Dataset records:
□ □ □ □ □ □ □
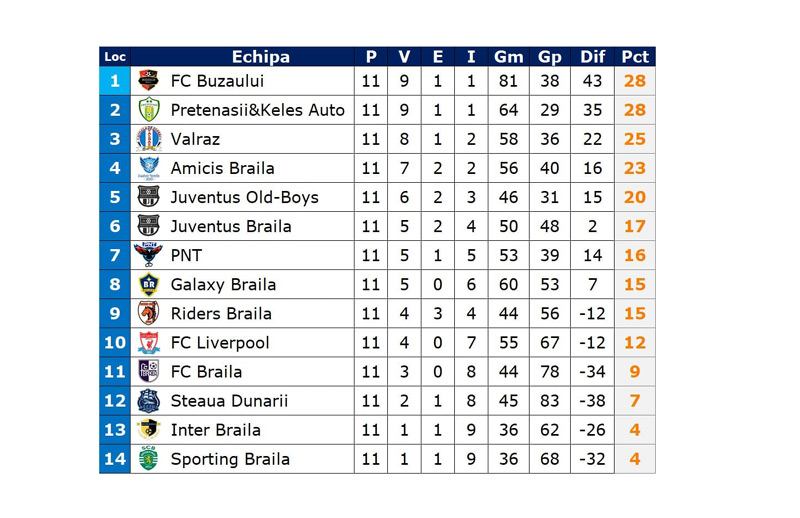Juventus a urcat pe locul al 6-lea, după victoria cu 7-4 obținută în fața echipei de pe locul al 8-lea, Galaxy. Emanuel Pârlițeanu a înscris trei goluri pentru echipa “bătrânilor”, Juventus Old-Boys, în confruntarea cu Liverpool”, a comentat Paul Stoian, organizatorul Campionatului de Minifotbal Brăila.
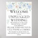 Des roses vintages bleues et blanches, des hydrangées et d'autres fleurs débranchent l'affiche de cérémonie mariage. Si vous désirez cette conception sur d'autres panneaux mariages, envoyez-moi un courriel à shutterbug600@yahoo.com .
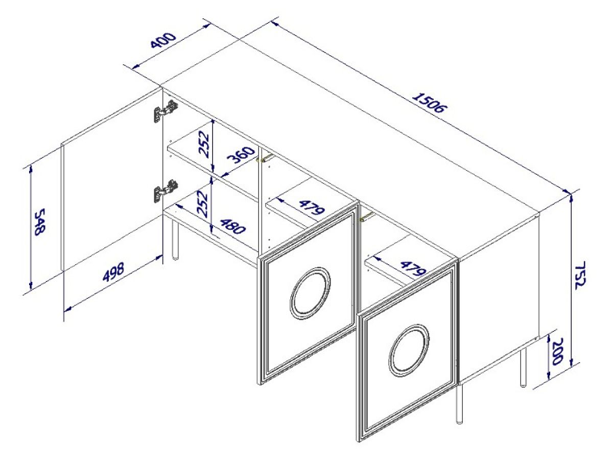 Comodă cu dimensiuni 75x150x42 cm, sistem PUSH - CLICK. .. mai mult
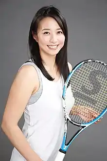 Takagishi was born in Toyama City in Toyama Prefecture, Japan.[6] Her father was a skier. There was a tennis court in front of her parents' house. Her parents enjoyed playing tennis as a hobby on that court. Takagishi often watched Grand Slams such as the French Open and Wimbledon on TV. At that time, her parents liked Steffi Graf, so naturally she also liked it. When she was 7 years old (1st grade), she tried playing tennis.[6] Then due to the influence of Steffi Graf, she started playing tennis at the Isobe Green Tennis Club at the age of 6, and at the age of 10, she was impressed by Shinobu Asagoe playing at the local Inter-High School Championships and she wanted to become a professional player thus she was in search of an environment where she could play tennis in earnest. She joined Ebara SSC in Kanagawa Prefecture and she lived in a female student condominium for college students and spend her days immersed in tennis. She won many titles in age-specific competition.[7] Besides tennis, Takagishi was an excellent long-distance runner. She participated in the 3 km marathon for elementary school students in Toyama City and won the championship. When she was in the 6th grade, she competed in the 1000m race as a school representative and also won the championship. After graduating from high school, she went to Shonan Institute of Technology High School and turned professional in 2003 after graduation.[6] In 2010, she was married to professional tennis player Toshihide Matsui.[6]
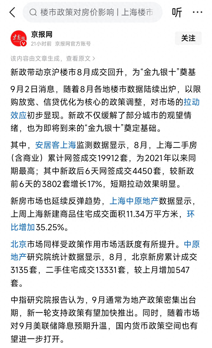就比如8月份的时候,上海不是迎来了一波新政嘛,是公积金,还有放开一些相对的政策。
□ □ □ □ □ □ □
> **Work to be completed**: All of the entries above are to be transcribed word for word, with no pictures included.

> **Result of the task**:
Juventus a urcat pe locul al 6-lea, după victoria cu 7-4 obținută în fața echipei de pe locul al 8-lea, Galaxy. Emanuel Pârlițeanu a înscris trei goluri pentru echipa “bătrânilor”, Juventus Old-Boys, în confruntarea cu Liverpool”, a comentat Paul Stoian, organizatorul Campionatului de Minifotbal Brăila.
 Des roses vintages bleues et blanches, des hydrangées et d'autres fleurs débranchent l'affiche de cérémonie mariage. Si vous désirez cette conception sur d'autres panneaux mariages, envoyez-moi un courriel à shutterbug600@yahoo.com .
 Comodă cu dimensiuni 75x150x42 cm, sistem PUSH - CLICK. .. mai mult
 Takagishi was born in Toyama City in Toyama Prefecture, Japan.[6] Her father was a skier. There was a tennis court in front of her parents' house. Her parents enjoyed playing tennis as a hobby on that court. Takagishi often watched Grand Slams such as the French Open and Wimbledon on TV. At that time, her parents liked Steffi Graf, so naturally she also liked it. When she was 7 years old (1st grade), she tried playing tennis.[6] Then due to the influence of Steffi Graf, she started playing tennis at the Isobe Green Tennis Club at the age of 6, and at the age of 10, she was impressed by Shinobu Asagoe playing at the local Inter-High School Championships and she wanted to become a professional player thus she was in search of an environment where she could play tennis in earnest. She joined Ebara SSC in Kanagawa Prefecture and she lived in a female student condominium for college students and spend her days immersed in tennis. She won many titles in age-specific competition.[7] Besides tennis, Takagishi was an excellent long-distance runner. She participated in the 3 km marathon for elementary school students in Toyama City and won the championship. When she was in the 6th grade, she competed in the 1000m race as a school representative and also won the championship. After graduating from high school, she went to Shonan Institute of Technology High School and turned professional in 2003 after graduation.[6] In 2010, she was married to professional tennis player Toshihide Matsui.[6]
就比如8月份的时候,上海不是迎来了一波新政嘛,是公积金,还有放开一些相对的政策。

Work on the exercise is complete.